EDITORIAL
Ban on gay marriage won't be forever
Saturday, December 27, 2008
The cause of gay rights has made enormous progress in the last couple of decades, but the more specific cause of gay marriage continues to be battered.
In the same election that voters helped bridge the United States' racial divide by electing the country's first African-American president, voters in California overrode a ruling of that state's Supreme Court and effectively rebanned gay marriage.
Reliably Democratic-voting California — home to those much-mocked "San Francisco values" that tolerate gay lifestyles — has now joined 29 other states, including Ohio, banning gay marriage.
Protests in reaction to the vote popped up across the country, including in Dayton. And recently some activists encouraged people to use a sick day, or to "call in gay," as a national demonstration of the broad economic impact of gays.
The backlash against California's Proposition 8 also could seed expansion of a mostly symbolic effort by cities, including in Ohio, to support their gay communities. Cleveland City Council, for example, last month took a stand in support of its gay community by creating a domestic partner registry.

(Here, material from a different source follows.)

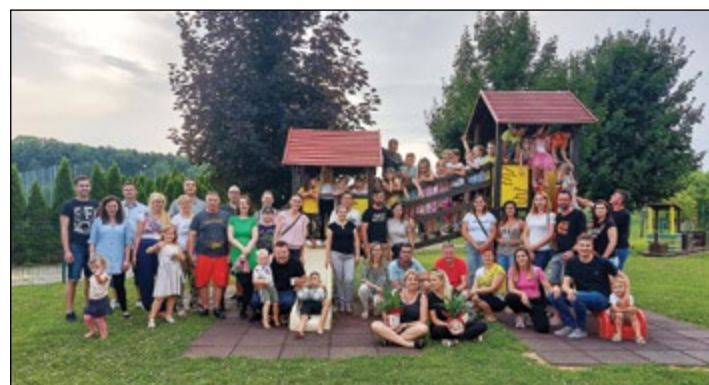
Zaključno druženje staršev, otrok in vzgojiteljic rdeče igralnice

Such registries date to the 1980s in northern California. The idea is to recognize committed relationships formally, and, in so doing, encourage employers and others to extend to gay couples benefits typically offered to married heterosexual couples. Nobody is required to recognize gay couples. But for businesses or organizations that want to be gay-friendly, the registry gives gays official documentation of their relationships.
Of course, the registry does not substitute for marriage. It is merely a public record of partnerships. But the record can allow, for instance, a hospital to verify a gay partner for visitation or organ donation authorization, provided the hospital wishes to do so.
Three Ohio cities have now taken this step: The others are Toledo and Cleveland Heights. Dayton leaders say the issue is "not on our radar right now," according to spokesman Tom Biedenharn.
Gay rights has been a political hot potato in the region's central city since 1999 when then-City Commissioner Mary Wiseman, who is gay and just this year was elected to the Montgomery County Common Pleas Court, proposed a sensible extension of the city's nondiscrimination ordinance to gays. That touched off a firestorm of protests from the religious community and then-Mayor Mike Turner, who rallied support to defeat the measure.
Last year — not quite a decade later — the city commission on a 3-1 vote adopted Ms. Wiseman's proposal, notwithstanding the continued community protests. (Commissioner Joey Williams didn't vote, and Commissioner Dean Lovelace was the "no" vote.)
For now, Mr. Biedenharn said, the commission thinks it has shown its support for the gay community.
"I think symbolically it sets where we are with this," he said. "We are open, amenable and respectful of everybody's rights."
Gay marriage votes notwithstanding, the ground is shifting in favor of gay rights. Young people especially don't get why there should be any fuss about sexual orientation. Businesses are increasingly sensitive to their gay employees because, for them, the issue is workers' skills, not lifestyles. Many Republican politicians see a need for their party to separate itself from anti-gay causes.
Ohio's gay marriage ban probably won't be undone anytime soon. But the fact that it's in the constitution doesn't mean it's in concrete.